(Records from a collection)
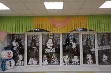 В предверии Нового года по доброй традиции украшаем окна. На оконных рамах детского сада оживают Дед Мороз и Снегурочка, символ года, снеговички и ангелочки. Дети и родители видят их ещё только на подходе к садику, и даже не зайдя в группу, заряжаются праздничным настроением.
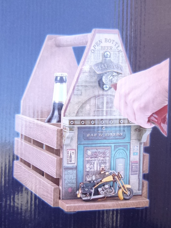 | Szerszámos láda alakú italtartó fából, hordozható 33,5x34,2x19,5 cm Új!
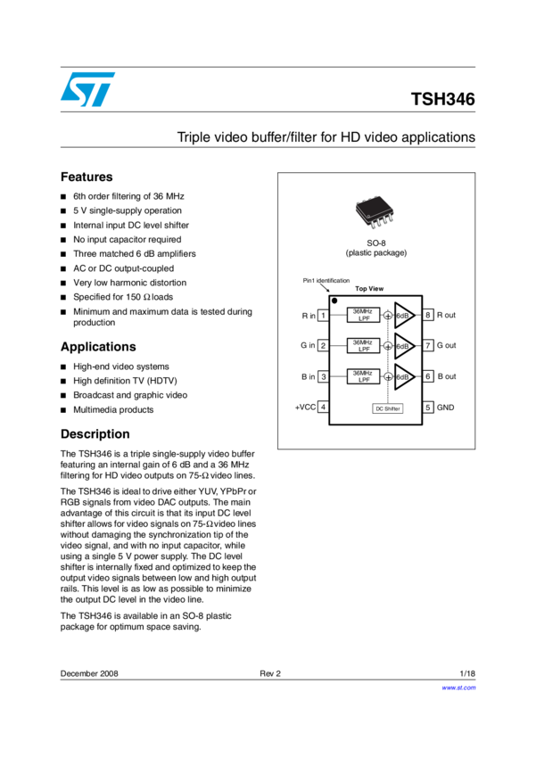 Video Amp Triple 5.5V 8-Pin SO N T/R
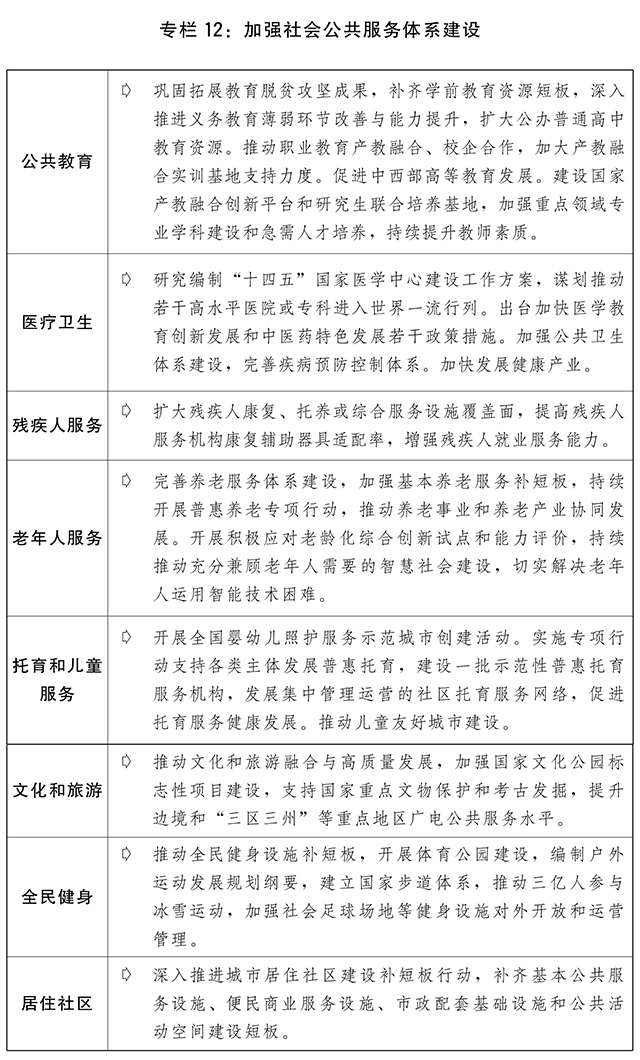 五是加強社會公共服務體系建設。推動出臺“十四五”公共服務發展規劃,完善均等化推進機制,推動國家基本公共服務標準落地落實。持續推進健康中國行動。啟動實施優質高效醫療衛生服務體系建設工程,推進疾病預防控制體系現代化,加強心理健康服務體系建設和規范化管理,發展全方位全生命周期健康服務。推進國家醫學中心建設,深入推進區域醫療中心建設試點,加快優質醫療資源擴容和均衡布局。啟動實施醫療保障服務示范工程,推動醫療保障公共服務標準化、規范化、精細化。建立健全農村醫療衛生服務網絡和城市社區衛生服務網絡,提高醫療保障水平。堅持中西醫并重,實施中醫藥振興發展重大工程。實施積極應對人口老齡化國家戰略,增強生育政策包容性,著力降低生育、養育、教育成本。發展普惠型養老服務和互助性養老,構建居家社區機構相協調、醫養康養相結合的養老服務體系,健全養老服務綜合監管制度,加快推進養老產業發展,統籌推進農村養老服務發展。發展普惠托育服務體系。深化家政服務業“領跑者”行動,培育員工制家政企業,推動家政進社區。推進長城、大運河、長征、黃河等國家文化公園建設,著力打造中華文化重要標志。實施文化保護傳承利用工程,加強重要文化遺產和國家公園等重要自然遺產保護利用,推進故宮博物院北院區、國家美術館等重大文化設施項目建設。繁榮發展哲學社會科學。促進文化和旅游融合發展,培育世界級旅游景區和度假區、國家級休閑城市和街區。出臺實施國民休閑綱要(2021-2035年),推動落實帶薪休假制度。深入推進北京冬奧會、冬殘奧會籌辦工作。制定構建更高水平的全民健身服務體系的意見,打造貼近自然、便捷高效的群眾健身場地。開展社會服務設施兜底線工程,支持兒童福利設施、殘疾人康復和托養設施建設,進一步補上退役軍人等領域基礎設施短板,提升兜底保障能力。加強和創新社會治理,健全城鄉社區治理和服務體系。深化公共法律服務體系建設。完善和落實安全生產責任制,加強安全生產監管執法。強化生物安全保護,加強國家生物數據中心體系和高級別生物安全實驗室建設,提高食品藥品安全保障水平,加強網絡食品安全監督管理,啟動建設食品安全風險評估與標準研制重點實驗室。加強應急救援力量建設,提高防災減災抗災救災能力,切實做好洪澇干旱、森林草原火災、地質災害、地震等防御和氣象服務。
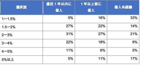 一方、住宅ローンを借りたことがない人では「1~1.5%」が33%と最多である一方、「5%以上」も17%あり、金利の相場観にばらつきが大きい状態です。

### [Exercise]
Could you transcribe every entry above exactly, leaving out the images?

### [Completed exercise]
 В предверии Нового года по доброй традиции украшаем окна. На оконных рамах детского сада оживают Дед Мороз и Снегурочка, символ года, снеговички и ангелочки. Дети и родители видят их ещё только на подходе к садику, и даже не зайдя в группу, заряжаются праздничным настроением.
 | Szerszámos láda alakú italtartó fából, hordozható 33,5x34,2x19,5 cm Új!
 Video Amp Triple 5.5V 8-Pin SO N T/R
 五是加強社會公共服務體系建設。推動出臺“十四五”公共服務發展規劃,完善均等化推進機制,推動國家基本公共服務標準落地落實。持續推進健康中國行動。啟動實施優質高效醫療衛生服務體系建設工程,推進疾病預防控制體系現代化,加強心理健康服務體系建設和規范化管理,發展全方位全生命周期健康服務。推進國家醫學中心建設,深入推進區域醫療中心建設試點,加快優質醫療資源擴容和均衡布局。啟動實施醫療保障服務示范工程,推動醫療保障公共服務標準化、規范化、精細化。建立健全農村醫療衛生服務網絡和城市社區衛生服務網絡,提高醫療保障水平。堅持中西醫并重,實施中醫藥振興發展重大工程。實施積極應對人口老齡化國家戰略,增強生育政策包容性,著力降低生育、養育、教育成本。發展普惠型養老服務和互助性養老,構建居家社區機構相協調、醫養康養相結合的養老服務體系,健全養老服務綜合監管制度,加快推進養老產業發展,統籌推進農村養老服務發展。發展普惠托育服務體系。深化家政服務業“領跑者”行動,培育員工制家政企業,推動家政進社區。推進長城、大運河、長征、黃河等國家文化公園建設,著力打造中華文化重要標志。實施文化保護傳承利用工程,加強重要文化遺產和國家公園等重要自然遺產保護利用,推進故宮博物院北院區、國家美術館等重大文化設施項目建設。繁榮發展哲學社會科學。促進文化和旅游融合發展,培育世界級旅游景區和度假區、國家級休閑城市和街區。出臺實施國民休閑綱要(2021-2035年),推動落實帶薪休假制度。深入推進北京冬奧會、冬殘奧會籌辦工作。制定構建更高水平的全民健身服務體系的意見,打造貼近自然、便捷高效的群眾健身場地。開展社會服務設施兜底線工程,支持兒童福利設施、殘疾人康復和托養設施建設,進一步補上退役軍人等領域基礎設施短板,提升兜底保障能力。加強和創新社會治理,健全城鄉社區治理和服務體系。深化公共法律服務體系建設。完善和落實安全生產責任制,加強安全生產監管執法。強化生物安全保護,加強國家生物數據中心體系和高級別生物安全實驗室建設,提高食品藥品安全保障水平,加強網絡食品安全監督管理,啟動建設食品安全風險評估與標準研制重點實驗室。加強應急救援力量建設,提高防災減災抗災救災能力,切實做好洪澇干旱、森林草原火災、地質災害、地震等防御和氣象服務。
 一方、住宅ローンを借りたことがない人では「1~1.5%」が33%と最多である一方、「5%以上」も17%あり、金利の相場観にばらつきが大きい状態です。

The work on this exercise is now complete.